The task of repainting my existing figures is still being debated (whether I change the colour scheme, simply improve on the existing colour scheme, or just leave the models completely as they are) but in the meantime, the new list I want to use requires that I build some more models - specifically, Treekin. 

I'm not a great fan of the GW models, so I made three of my own Treekin back when I first started playing Wood Elves in earnest through 7th Edition:

My three existing Treekin

Nowadays, in the cut and thrust of 8th Edition, three Treekin doesn't do the job so it's time to build three more!

Treekin in various states of completion
As you can see, the right hand model is essentially complete;
the centre and left hand models are still only armatures.

The new Treekin in the right of the above pictures has been half-built for at least a couple of years now, and has been sat languishing in a drawer along with my half-built Treeman. The two armatures accompanying the Treekin above have been put together over the last 24 hours or so, and I'll begin sculpting work on them during the rest of the week.

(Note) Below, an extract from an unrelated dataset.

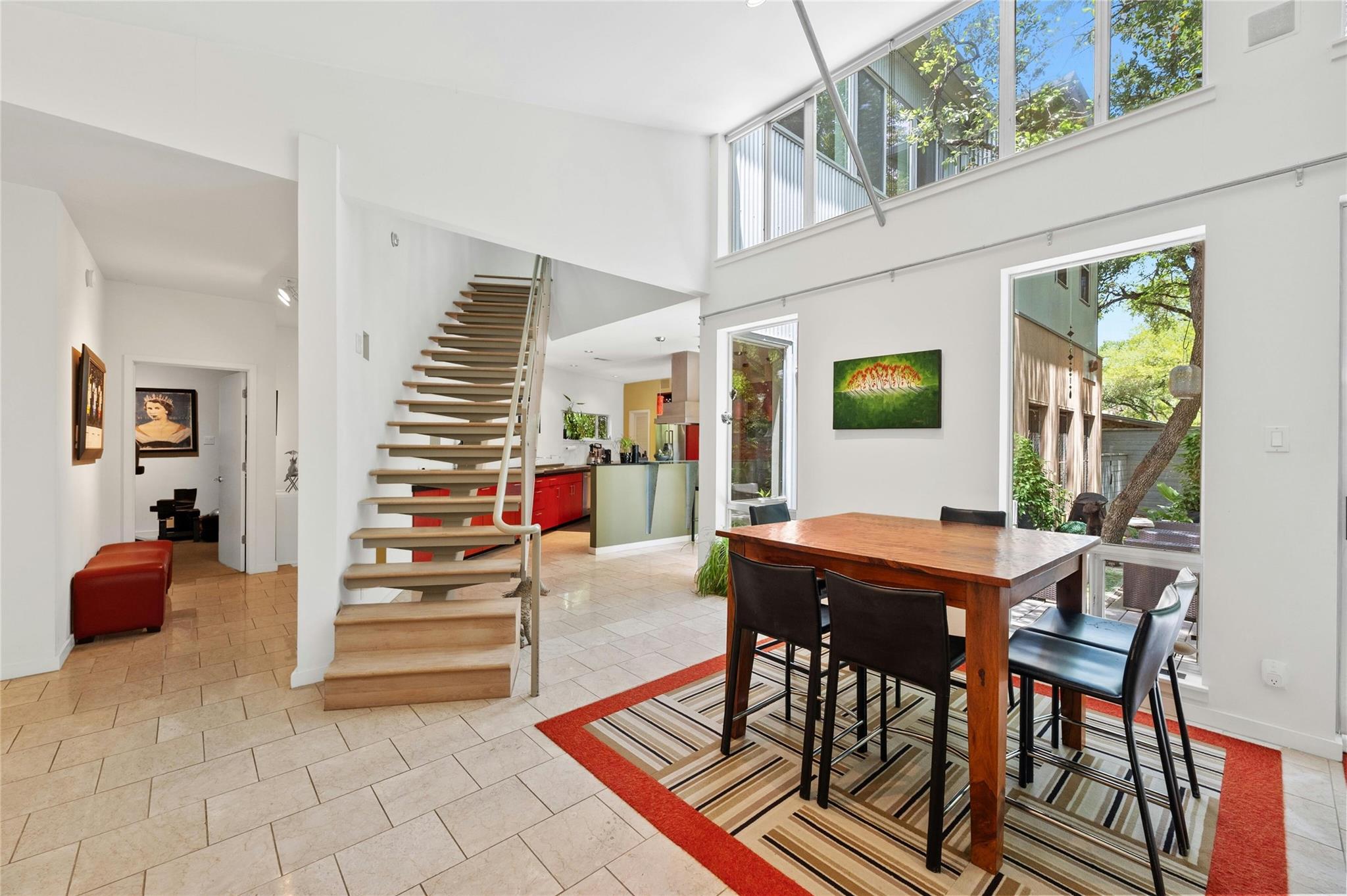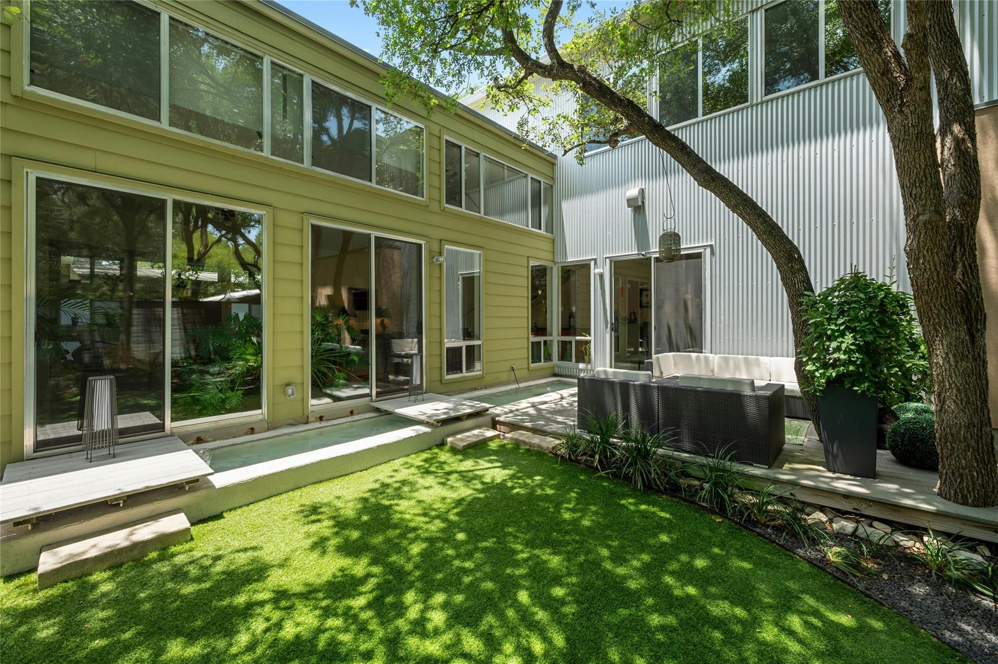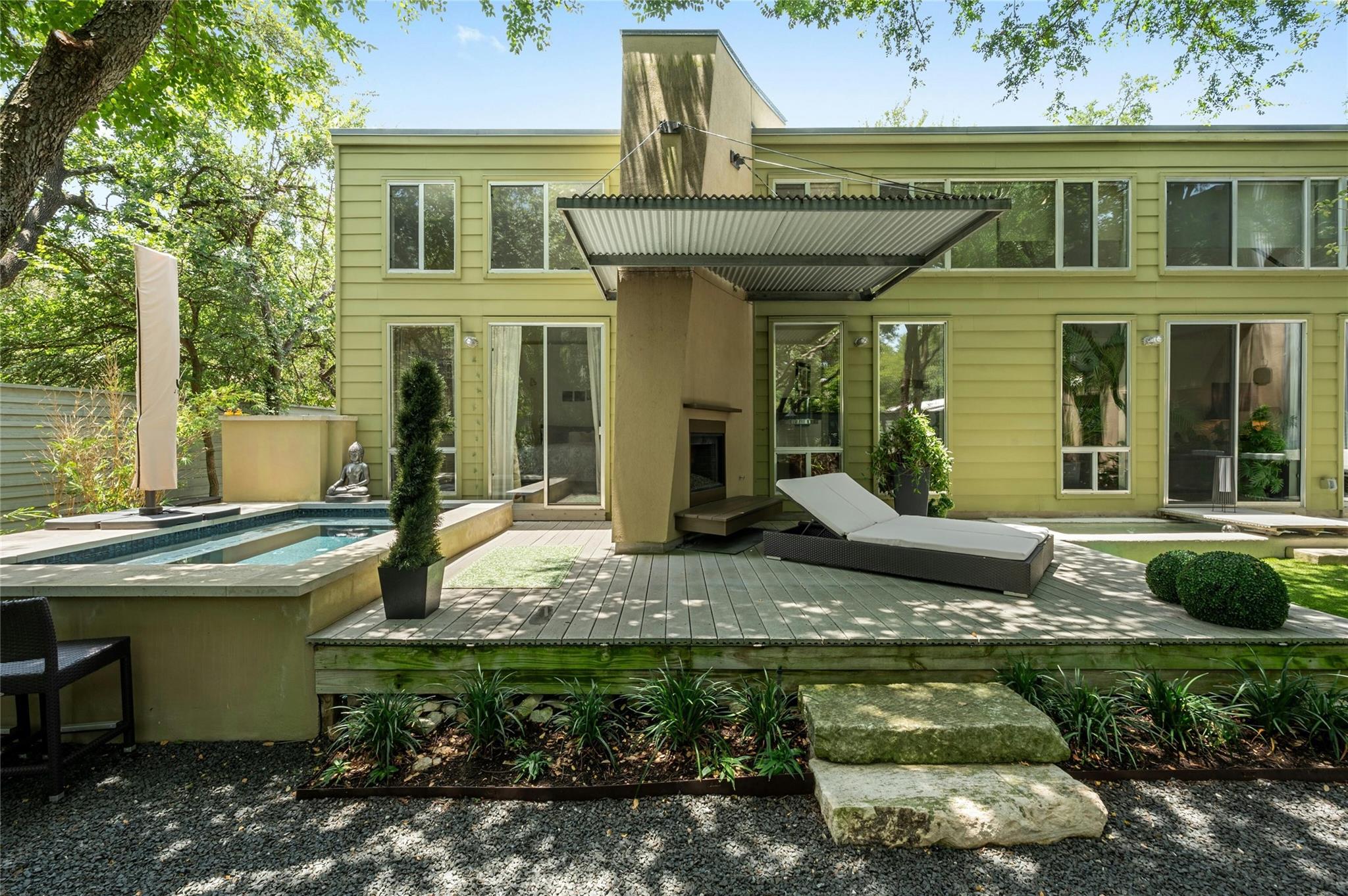 Very private modern home from street. Inside the house opens up with tall ceilings and a wall of windows to a beautiful private backyard sanctuary with gardens, a splash pool that also serves as a hot tub and an outdoor fireplace. Curved walls and an open staircase add an interesting design element to the house. Primary bedroom and a guest bedroom are on the main level. There's a beautiful, open, well lit living area as well as a private office on main level. Upstairs are 2 bedrooms and another living area. Great location and beautifully designed house. 42 Solar Panels make electric bills almost nothing!!!

Even though he's not required in the list I intend to try out in my next game, I figured that while I was building Treekin I'd try and complete the half-built Treeman as well. This is the one big omission from my Wood Elf collection (everyone should have a Treeman, yet I don't...) so it was about time I finished him. With the chunks of Green Stuff I've had left over from putting the Treekin armatures together, I've made a bit of progress with the sculpting of the Treeman today and Sunday evening. His feet are a bit spindly and weedy-looking so I'm now in the process of adding small armatures to construct roots around, to give him "toes" and support the weight of the immense tree body!

Battle for the Pass

Myself and Paul headed down to Stafford Games last week to get another game of Warhammer in - I took my Wood Elves and Paul turned up with his Vampires (he keeps saying how much he wants to use his High Elves with the latest book, and yet turns down every opportunity to use them in favour of taking his horrible Vampires, which he knows I can't beat!)

My list was as follows:

Spellweaver (Lore of Life) ~ 350pts
- Lv.4, Wand of Wych Elm, Talisman of Preservation (4+ Ward)

Noble ~ 140pts
- BSB, Armour of Silvered Steel, Luckstone

Eternal Guard (20) ~ 295pts
- Warbanner, Full Command

Glade Guard (20) ~ 268pts
- Standard Bearer, Musician, Banner of Eternal Flame

Glade Guard (10) ~ 126pts
- Musician

Glade Guard (10) ~ 126pts
- Musician

Dryads (8) ~ 98pts

Glade Riders (5) ~ 129pts
- Musician

Wild Riders (5) ~ 148pts
- Musician, Standard Bearer

Wild Riders (5) ~ 148pts
- Musician, Standard Bearer

Waywatchers (5) ~ 120pts

Great Eagle ~ 50pts

Total = 1998pts

Paul (from memory) had:

Master Necromancer
Master Necromancer
Wight King
Wight King
Wight King
Corpse Cart
20 Zombies
24 Ghouls
20 Skeletons
20 Skeletons
20 Grave Guard
3 Vargheists

Anyway, we rolled Battle for the Pass and so the first advantage was given to Paul - with the width of the table effectively halved, it would be that much harder for me to outmanoeuvre him and skirt around the flanks. His big blocks of infantry, combined with the terrain, meant he could effectively block the entire table width. The second advantage was given to him by me, as I chose ends and (in hindsight) picked wrongly. The third advantage was also conceded by me by allowing Paul to take the first turn!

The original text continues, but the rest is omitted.